## REQUIRED ACTION
Once you find the line containing "ガレッジセール30周年記念ライブ『みんなでグスージサビラ!in 沖縄』を、2026年5月6日(水)に沖縄 アイム・ユニバース", set down exactly that line and every one after it through the end of the listing below, with both ends included and any pictures omitted.

## SUPPLIED DATA
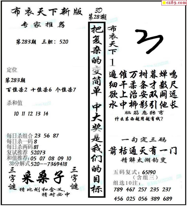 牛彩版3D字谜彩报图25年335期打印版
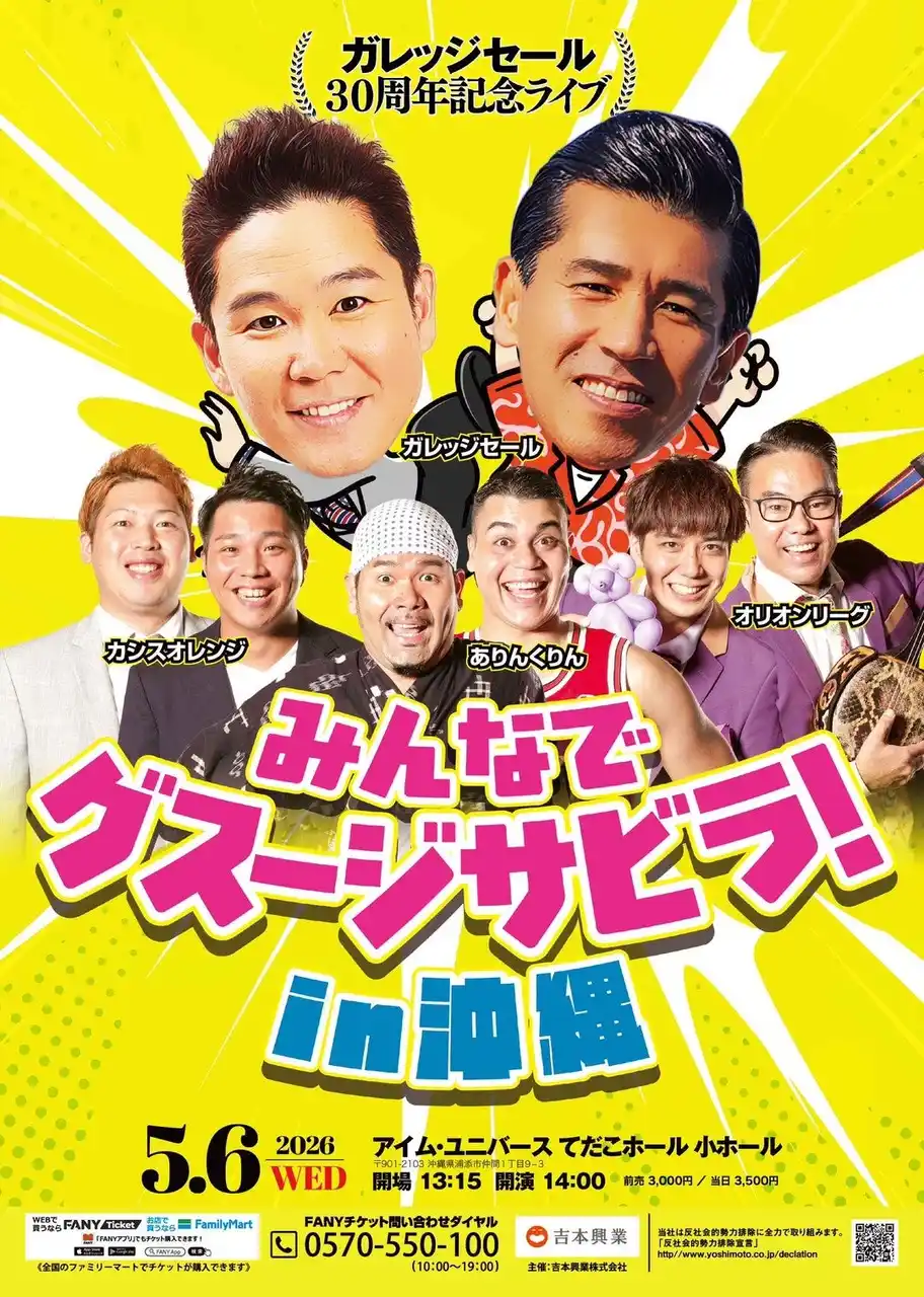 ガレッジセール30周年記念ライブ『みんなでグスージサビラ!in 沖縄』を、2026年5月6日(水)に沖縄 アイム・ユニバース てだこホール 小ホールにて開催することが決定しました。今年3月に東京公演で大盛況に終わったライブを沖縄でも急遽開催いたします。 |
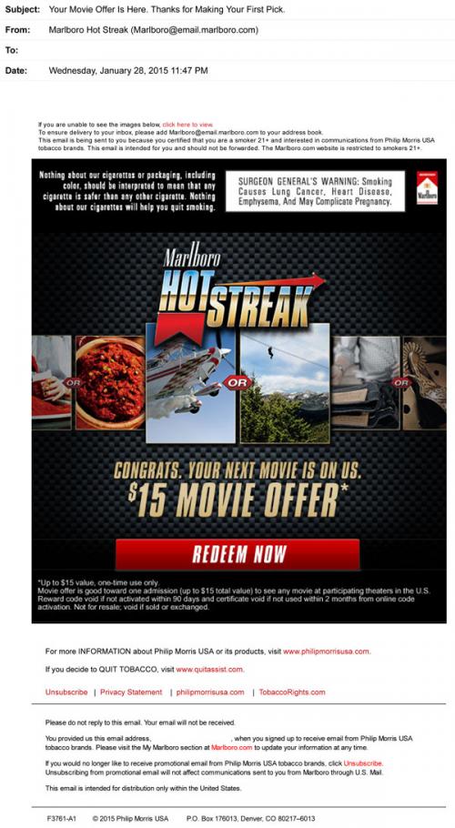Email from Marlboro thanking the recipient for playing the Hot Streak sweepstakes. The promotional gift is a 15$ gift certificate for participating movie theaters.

## EXERCISE SOLUTION
 ガレッジセール30周年記念ライブ『みんなでグスージサビラ!in 沖縄』を、2026年5月6日(水)に沖縄 アイム・ユニバース てだこホール 小ホールにて開催することが決定しました。今年3月に東京公演で大盛況に終わったライブを沖縄でも急遽開催いたします。 |
Email from Marlboro thanking the recipient for playing the Hot Streak sweepstakes. The promotional gift is a 15$ gift certificate for participating movie theaters.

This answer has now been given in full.